Building Clusters with kubevirtci

One of the projects in the KubeVirt github organization is a project called kubevirtci. While this may sound like it’s the repo containing the KubeVirt CI system and scripts, that’s not completely accurate.

We leverage kubevirtci for our CI process, but there’s more to the CI system than just this repo. Today, we’re not going to talk about the CI system in general, but instead we’re going to talk about the kubevirtci project, what it does, how it does it and why it’s pretty cool.

What it does

In short: Deploys a Kubernetes (or OpenShift) cluster using QEMU Virtual Machines, that run inside Docker containers. First a base image is provisioned, this image contains a stock a Kubernetes node. Then one or more of these images are deployed in the target environment to make up the cluster.

Provisioning

Building the Kubernetes Node virtual machine happens in several steps:

Use a Fedora cloud image.
Provision Kubernetes using Ansible onto that image.
Install any drivers and providers/provisioners for storage or other resources needed for the cluster. Once the node is provisioned, it is packaged inside a Docker container and published to a registry.

provision_vm

Deployment

To create a cluster, all one has to do is start up a number of containers, which in turn start up the Virtual Machine contained within that container. The first node is designated as the master node and a script is run during startup to configure any master node specific configuration. Any additional nodes have a post startup script run to register themselves as nodes with the master. As this point we have a basic kubernetes cluster running the number of specified nodes. Plus some other interesting services described later.

default_cluster

How does it work?

After the provision step, which has created a pre-built Kubernetes node in a virtual machine, the deployment step doesn’t happen all by itself. Starting up the cluster is handled by a cli application, aptly named ‘gocli’.

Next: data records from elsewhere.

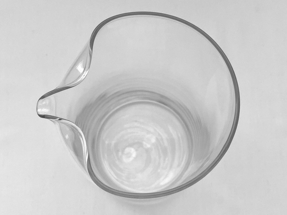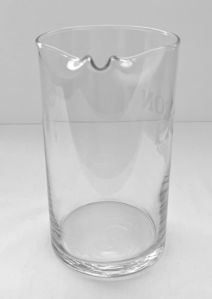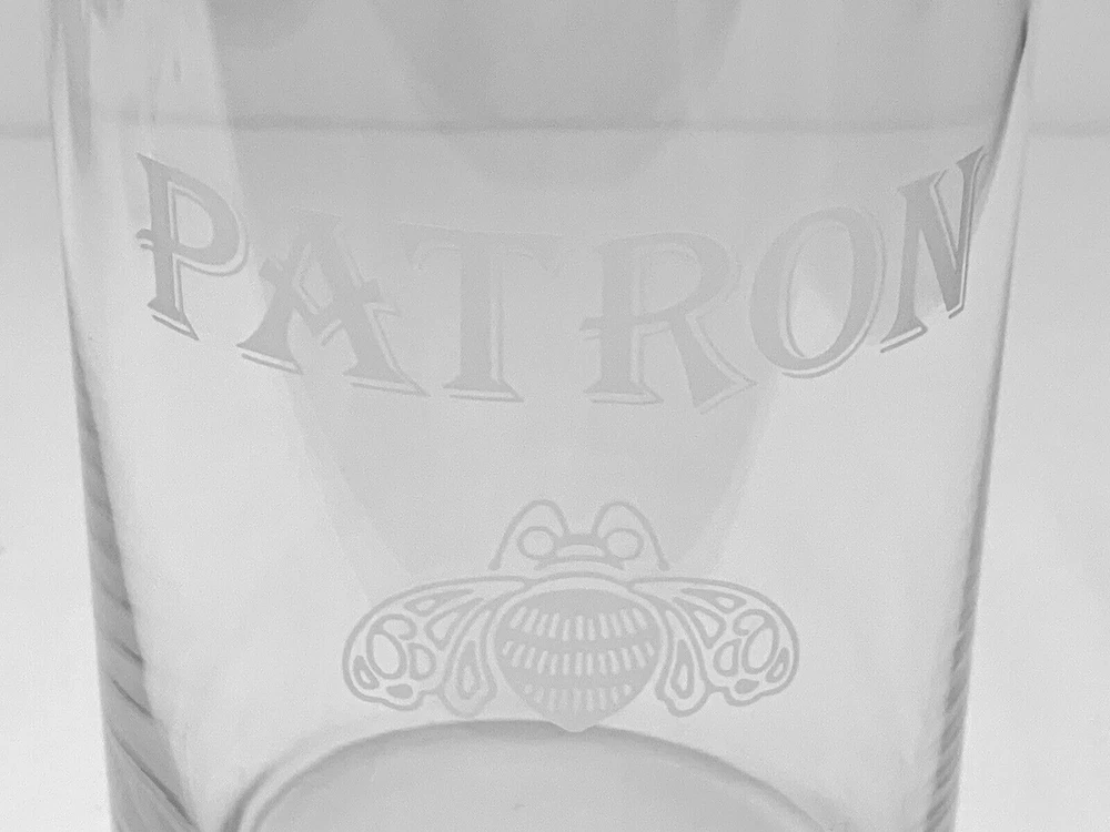 PATRON TEQUILA GLASS COCKTAIL MIXING PITCHER 6" TALL 3.25" WIDE HOLDS APPROX. 20 oz WHITE PATRON AND BEE LOGO EXCELLENT PRE-OWNED CONDITION, NO CHIPS, SCRATCHES OR WATER STAINS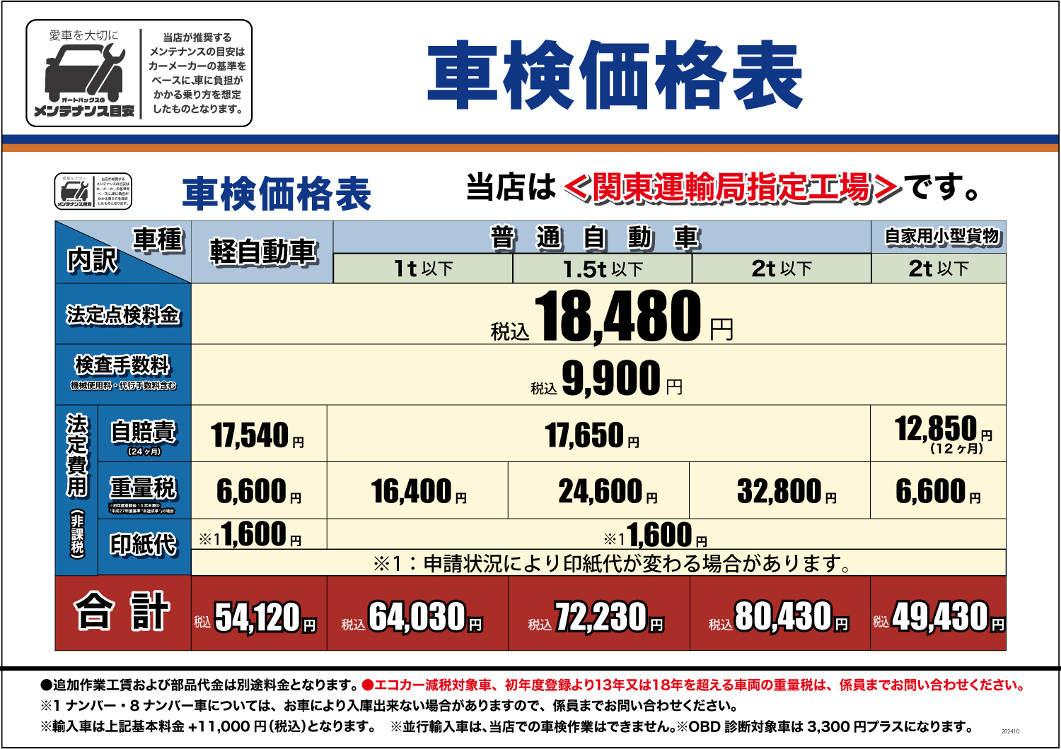 • 輸入車は車検基本点検整備料に、10,000円(税込11,000円)プラスとなります。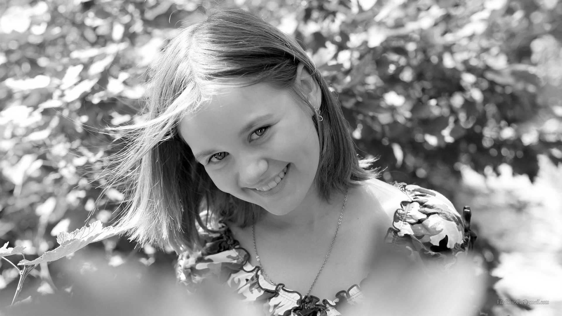 Retrato en blanco y negro de una chica sonriente - fondos de pantalla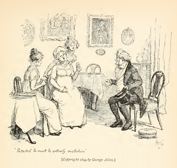 In this image Sir William Lucas sits at Longbourn, announcing the engagement between his daughter, Charlotte, and Mr. Collins. Mrs. Bennet and Lydia both rudely exclaim that they cannot believe it and that he must be mistaken. By Charlotte’s marrying Mr. Collins it meant that she would become the mistress of Longbourn after Mr. Bennet’s death, because at this time inheritance passed from one man to his closest male relative, who was Mr. Collins. This scene occurs in chapter 23. The characters are shown in the traditional regency style. Mrs. Bennet and her daughters wear regency style dresses with empire waistlines. Sir William Lucas wears a waistcoat and tailcoat. The regency period dated to the early nineteenth century (1811-1820) when George, Prince of Wales, later George IV (r. 1820-1830), reigned as regent for his mentally ill father, King George III (r. 1760-1820). The regency period is associated with the rise of neoclassicism in art and fashion.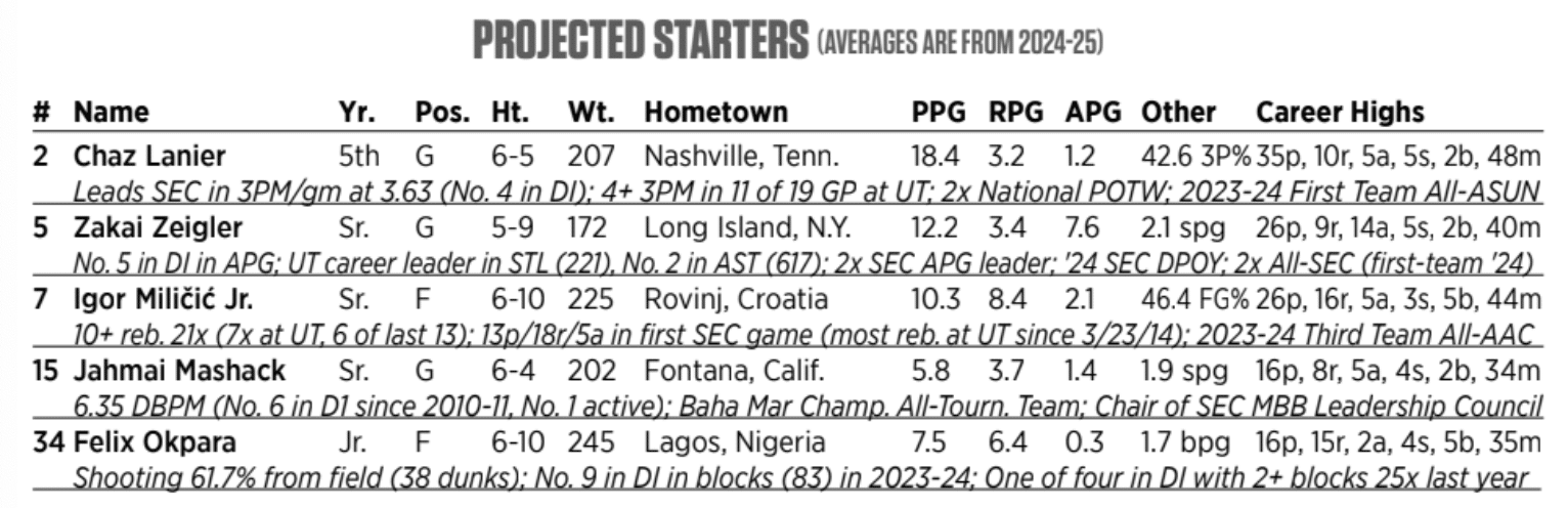 “He’s one of the leading assist guys in the country and he’s a brilliant passer. He’s already set the all-time record for Tennessee in steals, and he’s been the face of that program for a long, long time. In many ways, they go as he goes and he always goes pretty well. He’s a great three-point shooter with a great percentage and he’s hard to stay in front of. So obviously, so much of what you have to do, you got to gameplan for Zakai Zeigler. He will go down as one of the all-time greats in the history of Tennessee basketball.”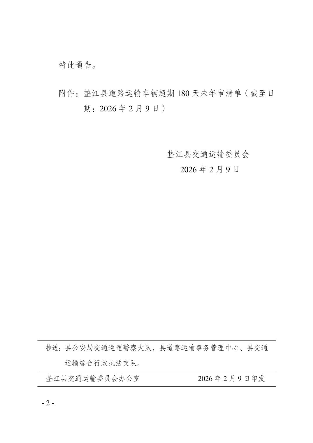 垫江县道路运输车辆超期180天未年审清单 (截止时间2月9日).xlsx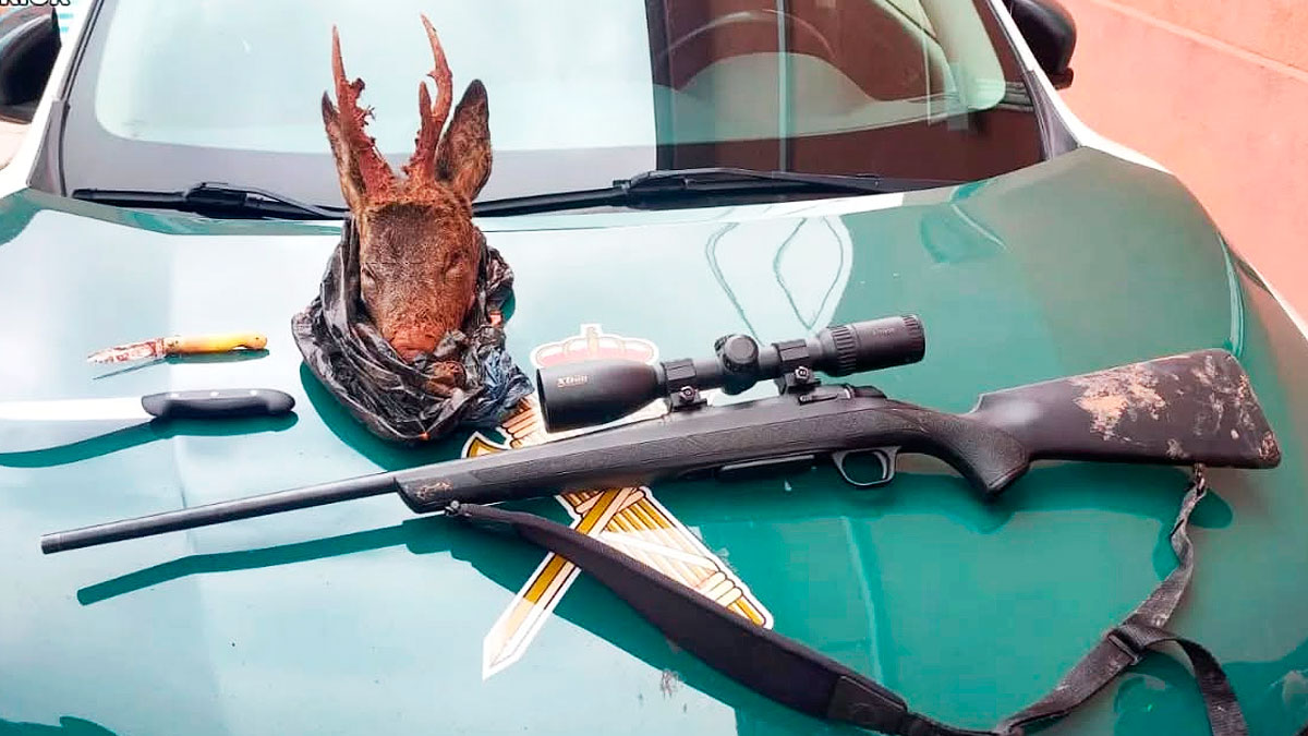 Al delito contra la flora y la fauna se le une el de desobediencia grave a la autoridad. En el momento de la detención, efectuada en los montes de Canales de Molina, los agentes de la Benemérita encontraron una cabeza de un macho de esta especie de cérvido, además de un rifle, un visor térmico, dos armas blancas y munición.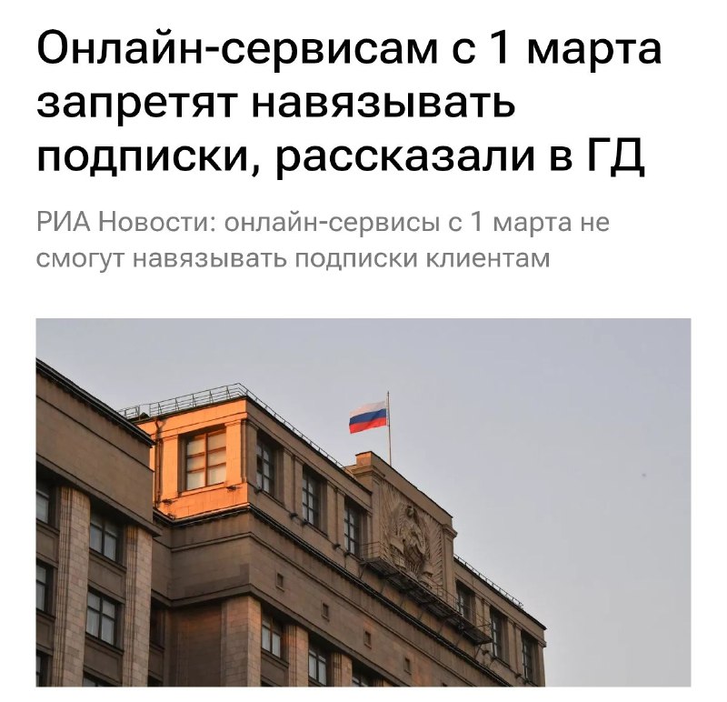 Марзаганов вещает13.01.2026 07:31В России запретят автосписания за онлайн-подписки. С 1 марта сервисам нельзя будет снимать деньги без явного согласия пользователя.Мы ждали. Мы дождались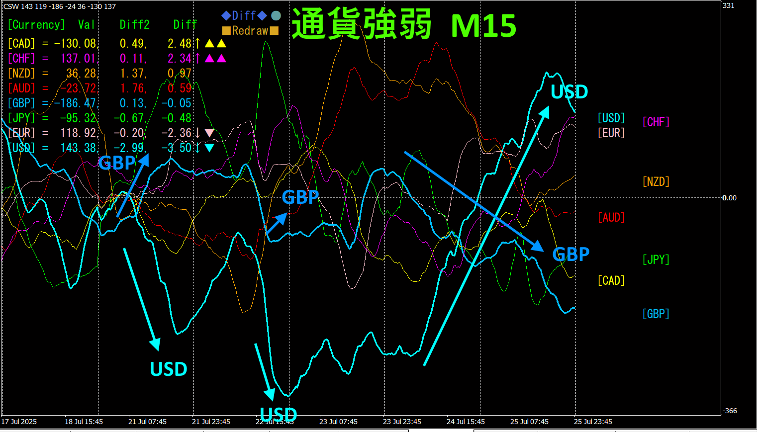 15分足の通貨強弱グラフを見ると、GBPとUSDが、見事な逆相関関係になっていることがわかります。今一番大きく伸びていて、逆相関関係にある通貨ペアを選びトレードすれば、自ずと結果が付いてくるのです。
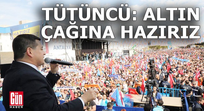 “Biz Antalya’da ne zaman AK Parti olarak belediyede iktidara geldiysek, Antalya’yı bütün ilçeleri ile beraber bir atılım dönemi, bir şahlanış dönemi bekliyordu.” diyerek sözlerini sürdüren Tütüncü, “AK Parti belediyesinin iktidarda olduğu yıllar, Antalya’nın güzel yıllarıydı. Hizmet yıllarıydı. Maalesef son 5 yıl Antalya’nın kayıp yılları oldu. Antalya’nın şimdi o geçmiş zamanlarını Antalya’ya iade etmeye hazır mıyız? 1 Nisan 2024’den itibaren Antalya’da yepyeni bir dönem başlayacak. Bu yeni dönemin adı Antalya’nın altın çağı olacak. Bütün şehir olarak kalplerimizi, yüreklerimizi birleştireceğiz, daha sonra da güçlerimizi birleştirerek gerçekleştireceğiz. Bütün Antalyalı hemşehrilerimiz Kaş’tan Gazipaşa’ya kadar buna hazır mıyız? 1 Nisan 2024’den itibaren başlayacak Antalya’nın altın çağında, başta trafik olmak üzere, imar, mülkiyet, alt yapı sorunlarının hepsini ortadan kaldıracağız.” diye konuştu.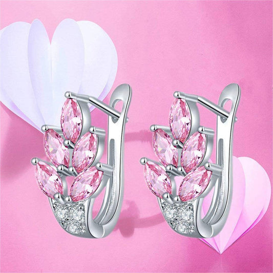 Crystals from Swarovski Leafy Fashion Rhodium Plated Pink Crystal Clip On Earrings for Women and Girls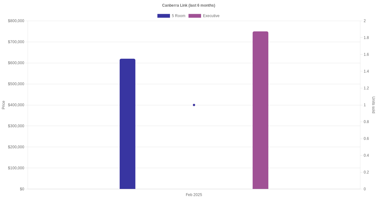 Located along Canberra Link are various HDB flat types including 4 room, 5 room and executive units. Shown below is a view of the resale price and transactions trends, broken down by month, in the last 3 years.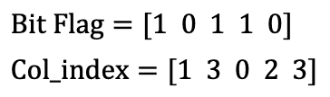 类似差分编码的位标记符。如下图所示,左边是原始索引,右边是压缩之后的索引。主要内容针对行索引进行压缩,将每一行最后一个元素标记为0,其他元素标记为1。这样子带来了新的问题,虽然可以知道每一行的分界线,但是每一行到有多少个元素,某一个元素到底属于哪一行就很难知道。因为相比Row Index每一位就需要好几个字节,bit flag只需要一位。因为通过让一个线程负责多个块,线程就可以以short等数据类型为单位从显存中读出数据,触发对齐合并访存。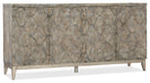 With a delicate and delightful grooved quatrefoil pattern on its doors, the Fairfax Credenza is crafted of Oak Veneers and Aluminum Sheet, accented with silver-colored zinc alloy tab pulls. The wood is in a distressed medium finish with hand planking. Four doors with one adjustable wood shelf behind each set of doors. Ventilated back panel.

Gocli is a go application that contains the knowledge needed to start the cluster, make a node the master node, and then register the other nodes with the master node as compute nodes. It also does a few other nice things, like start a dnsmasq container for dns inside the cluster, and a docker registry container for images. It also can extract and update the kubeconfig for the cluster, to make it possible for external tools to interact with the cluster (such as kubectl). And it can of course shut down the cluster in an orderly fashion.

The entire cluster is ephemeral which is very helpful when developing new applications which could potentially damage the cluster. Simply shut down the cluster, and start a new fresh one. The ephemeral nature and ease of deployment makes this extremely useful in a CI/CD pipeline context

Why is the registry container useful? Let’s say you are developing a new application and you wish to test it in a Kubernetes cluster. You would build the container image with whatever tools you normally use, you can then publish it to the cluster registry, and deploy the manifest that uses the registry to deploy the container in the cluster. The gocli command tool has the ability to find an external name and port for the internal registry into which you can publish your images.

running_cluster

All of the above allows you to now with a few commands, spin up a kubernetes cluster, build application images, push those images into a registry inside that cluster, and deploy that application inside the cluster. As a developer this allows quick compile/test scenarios in a somewhat realistic environment on a regular workstation. It allows for automatic end to end testing in a real cluster, and it allows for CI/CD tools to run tests against an ephemeral cluster that can be spun up and destroyed easily.

Why this is cool

So how is this better than simply creating some Virtual Machines and cloning them to add new nodes? For one packaging is much easier, you can simply drop it in a container registry and its available everywhere the registry is available. Another thing is a lot of the configuration is stored in the container instead of in the Virtual Machine, so it is easy to layer on top of that container a different configuration for different use cases. The Virtual Machine stays the same, it’s the container that changes to meet the needs of the use case. Since the container knows all the details of the Virtual Machine it is also possible to construct utilities that retrieve information about the Virtual Machine or pass new information to the Virtual Machine through the container.

But the biggest advantage is that this can all be easily automated and repeated. Each time you spin up a cluster, it will be identical from a previous run. You have a mechanism to allow you to populate the cluster with an application you are developing/testing and then running automated processes against that application.

KubeVirt itself works on a similar principal, embed a QEMU process in a container to start a Virtual Machine with configuration obtained from the encapsulating container. And the KubeVirt development team uses kubevirtci images in their development workflow as well.

And a final interesting thought: Everything mentioned in this article is a container, from the Virtual Machine images, to the gocli utility. It might be an interesting exercise to see if we can leverage kubernetes to manage the life cycle in a CI/CD system. We would then be creating Kubernetes clusters inside a kubernetes cluster to run CI/CD.